Sembra esservi, in altre parole, una contraddizione nell’intendere le decisioni dell’ABF in guisa di meri “responsi”, soltanto dotati di capacità persuasiva (86), ovvero quale pura fonte di suggerimenti – poiché tali, non affatto vincolanti – rivolti alle parti (87), al contempo però riconoscendo, com’è necessario, che (non già un atteggiamento sistematico e protratto di insensibilità rispetto a codesti suggerimenti, ma) anche solo il puntuale episodio di una singola inottemperanza ad una determinata decisione, non condivisa dall’intermediario, lo esponga al sicuro intervento della sanzione reputazionale.

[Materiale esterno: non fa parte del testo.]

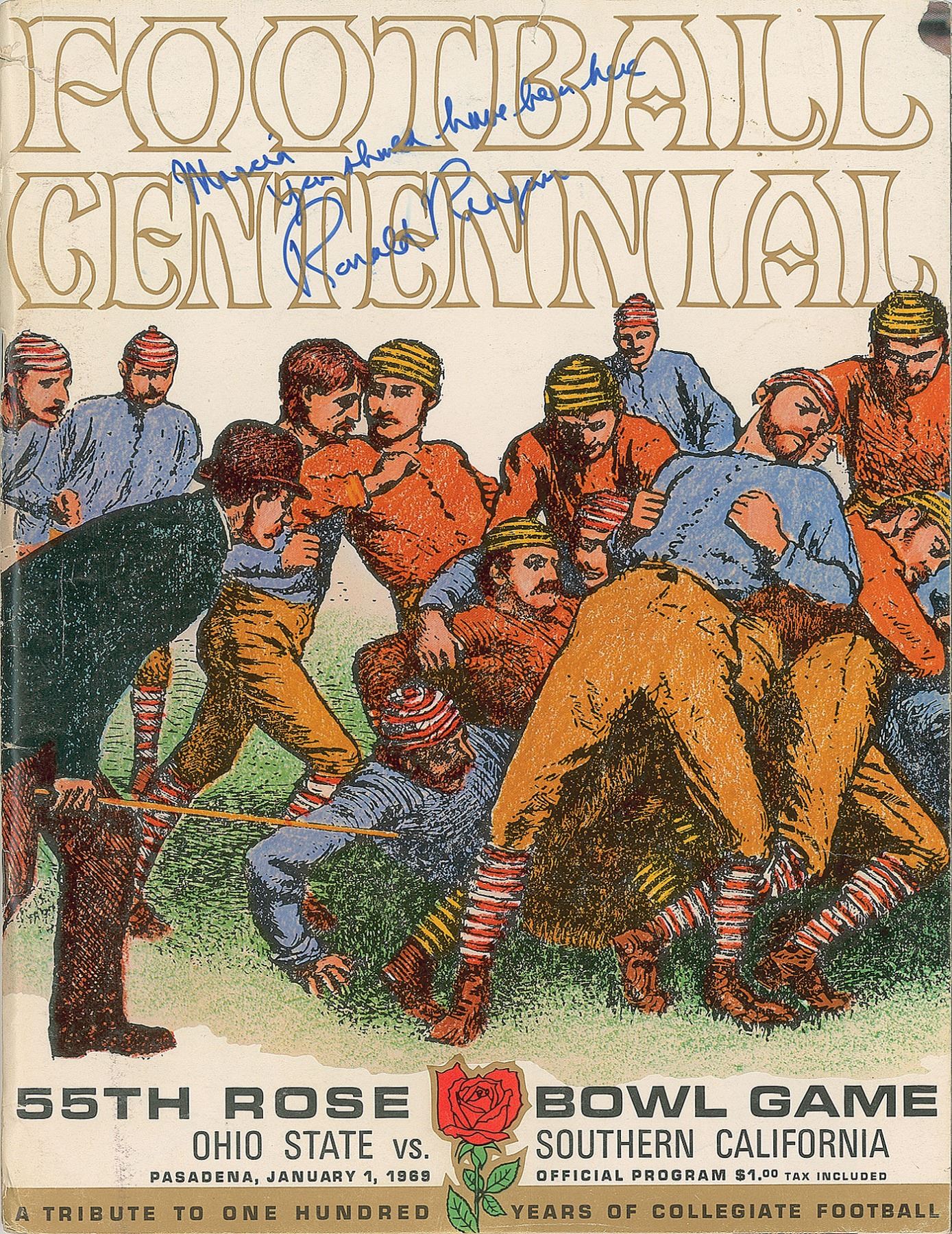 Official program for the 55th Rose Bowl Game held in Pasadena, California, on January 1, 1969, ninety-six pages, 8.5 x 11, signed and inscribed on the front cover in blue felt tip, "Marcia, You should have been here, Ronald Reagan." In very good to fine condition, with handling wear, two short tears to the top, and paper loss to the upper right corner tip.

Occorre dunque risalire “a monte” per individuare nella decisione stessa dell’ABF, prima e a prescindere dall’eventuale provvedimento sanzionatorio, un atto di natura amministrativa: ciò che ben si coniuga con il riconoscimento all’ABF, correttamente operato in seno alla medesima dottrina qui criticata, del ruolo di organo della pubblica amministrazione, operante mediante l’esercizio di una potere connotato in termini di discrezionalità, sebbene sia questa una discrezionalità di tipo meramente tecnico (88). Né il risultato qui proposto può dirsi smentito dalla sicura inidoneità delle decisioni dell’ABF a incidere sul rapporto di diritto sostanziale su cui è sorta controversia, poiché questa inefficacia non esclude affatto che la decisione favorevole al cliente possa esprimere la sua portata vincolante sul diverso piano delle relazioni – “verticali”, diciamo così – intercorrenti tra l’intermediario e gli organi posti a presidio del settore creditizio (89).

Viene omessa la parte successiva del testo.